AFL-CIO President John Sweeney pledged Monday to do everything he can to hold the labor federation together amid a rift with some of the biggest unions in the country.
/ Source: The Associated Press

AFL-CIO President John Sweeney pledged Monday to do everything he can to hold the labor federation together amid a rift with some of the biggest unions in the country.

“Only our enemies are cheering” for divisions in the labor movement, Sweeney said as union leaders representing over 60 percent of the AFL-CIO’s 13 million members lined up in favor of his re-election.

“The millions of workers who need us don’t need to see the house of labor divided,” Sweeney said.

At a news conference, Sweeney said the federation will continue a conversation with the five unions opposing him.

Those unions, including the AFL-CIO’s largest, the Service Employees International Union, blame Sweeney’s 10-year tenure for declining union membership and fewer worker protections.

Union membership has been on a downward slide for 50 years, now representing 12.5 percent of all U.S. workers. The private sector union membership level is 8 percent.

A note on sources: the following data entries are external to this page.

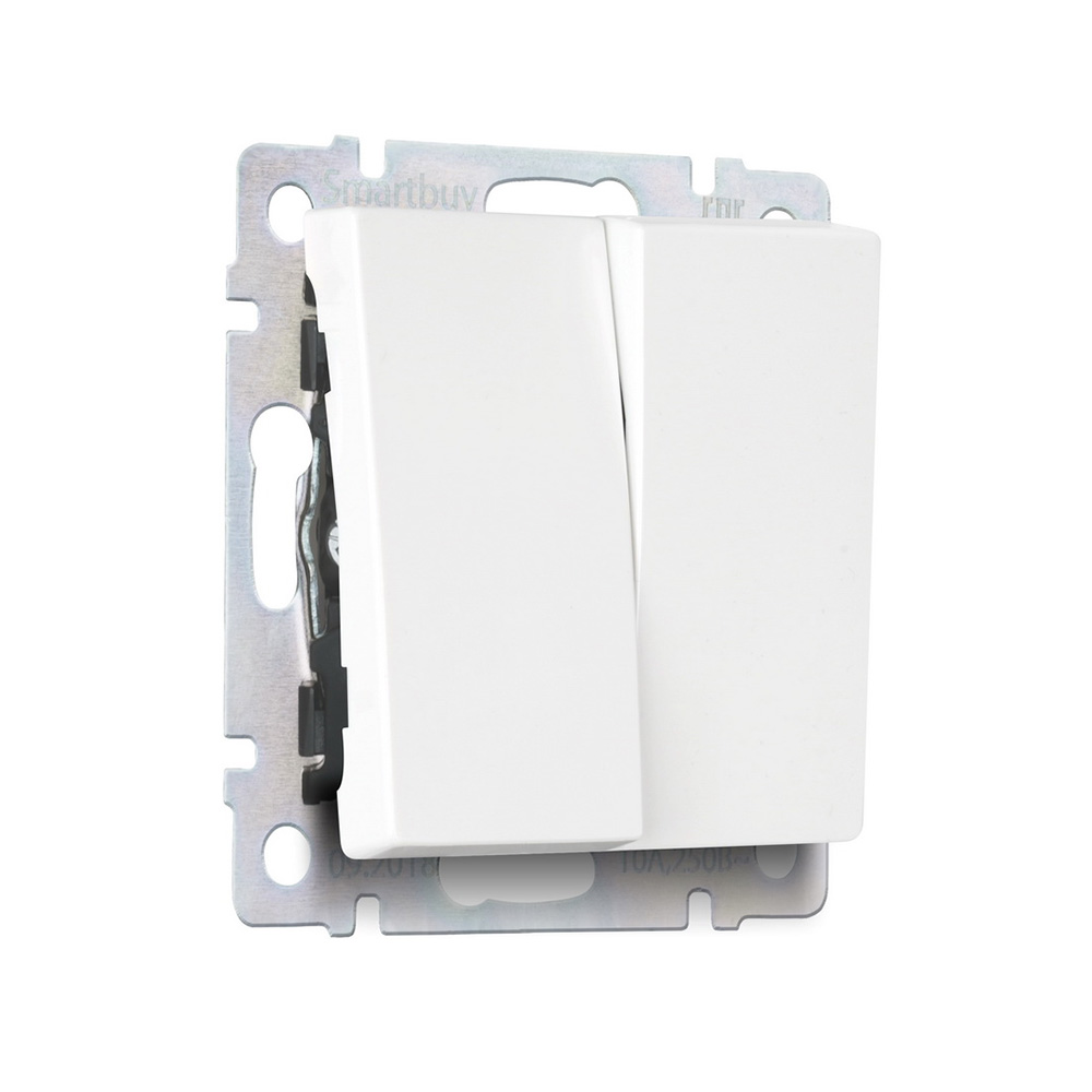 Выключатель двухклавишный Smartbuy Нептун без рамки белый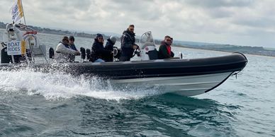 Our 7.8 Metre Ribcraft has a 325hp engine and is Fully coded for up to 11 passengers however we recommended a group of 5-9 for comfort. 4 double Jockey seats and a single jockey seat next to the driver. Unless absolutely flat, we do not allow passengers infront of the Jockey seats and.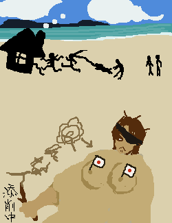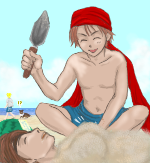 パンツを浜辺に置いたまま、バカンスお決まりのコースである砂に埋もれてのお昼寝タイム中の山田君発見。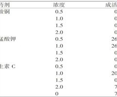 摘要 以结香萌发枝为试验材料,采用不同浓度 (0.5%,1.0%,1.5%,2.0%) 的硫酸铜溶液、维生素C溶液和高锰酸钾溶液对半木质化结香插穗基部进行浸泡处理,3个月后调查成活率、皮部生根数、愈伤组织生根数、根长、新梢长、新梢数等,分析...

A half-century ago, one-third of workers in the private sector belonged to unions.

The 1.8 million-member SEIU wants the federation to cut its budget by more than 50 percent and use the savings to increase organizing by its member unions.

The SEIU, once headed by Sweeney, is threatening to leave the AFL-CIO, along with the United Food and Commercial Workers and Unite Here, which represents employees in the hotel and restaurant industries and textile manufacturing. The Teamsters board will vote in July on whether to give President James Hoffa authority to disaffiliate.

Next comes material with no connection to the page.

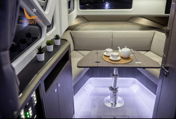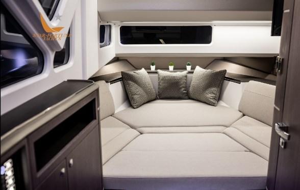 Canapé 4 places avec dossier convertible avec table amovible et réglable. Le plancher du cockpit à la proue est recouvert de pont souple tandis que le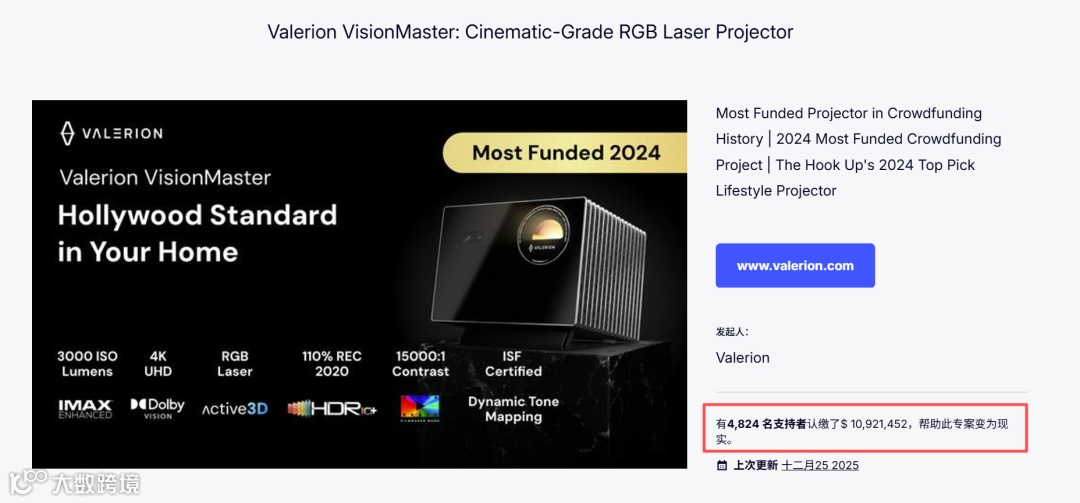 速度持续增长。 基于此趋势,Andy在美国创立AWOL Vision,并推出高端子品牌Valerion。AWOL Vision聚焦短焦投影,Valerion则主打长焦产品,形成覆盖全球中高端家庭用户的完整矩阵。与多数出海企业依赖成本优势不同,Valerion自创立之初便将重心放在用户需求挖掘与体验升级上。 2023年初,Valerion首次亮相即引发质疑,但很快凭借实力扭转局面。其在Kickstarter平台发起众筹,45天内斩获1092万美元,吸引4824名支持者,创下行业众筹纪录,迅速成为高端家庭影院领域的“现象级”品牌。

The five dissident unions formed an alliance last week they call the Change to Win Coalition. The other participant is the Laborers International Union.

The AFL-CIO laid off 167 employees recently as part of Sweeney’s plan to increase spending on union membership drives, a move his critics called too little, too late.

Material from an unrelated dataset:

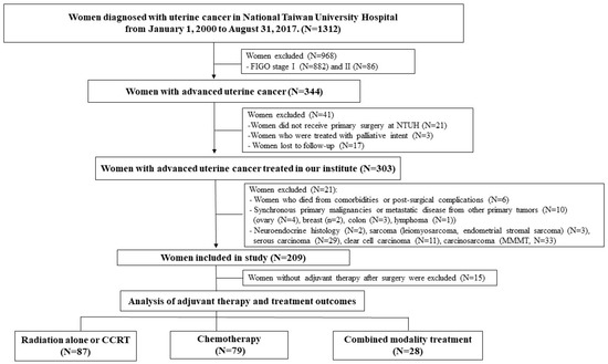 The medical records of women diagnosed with stage III/IV endometrioid endometrial cancer at National Taiwan University Hospital between January 1, 2000 and August 31, 2017 were retrospectively reviewed. The study protocol was approved by the Institutional Review Boards of our institute. The exclusion criteria were non-endometrioid histology or mixed histology types; stage I or II disease; primary surgery or postoperative adjuvant administered at other institutes; CT or RT given before the operation; and surgery or treatments given with a palliative intent. Patients with synchronous primary malignancies were excluded (Figure 1). The histologic tumor grade was determined based on tumor architecture and the nuclear grading system recommended by FIGO [5]. We divided grades into two categories—grade 1/2 and grade 3—according to previous literature [21].

Flanking Sweeney, his supporters expressed the hope that a healthy discussion will help clarify the future course of organized labor.

“At the end of that debate we should be stronger, not weaker,” Morton Bahr, president of the Communications Workers of America, said.

Sweeney has focused on political action over the years, a push reflected in an increase in union households as a percentage of voters.

Voters from union households represented 26 percent of the overall vote in 2000, compared with 23 percent in 1996 and 19 percent in 1992.

The complaining unions say the AFL-CIO has wasted time and money on politics and has not done enough to combat the steady decline in union membership.

Sweeney faces re-election at the federation’s convention in July in Chicago, where he is expected to win another four-year term.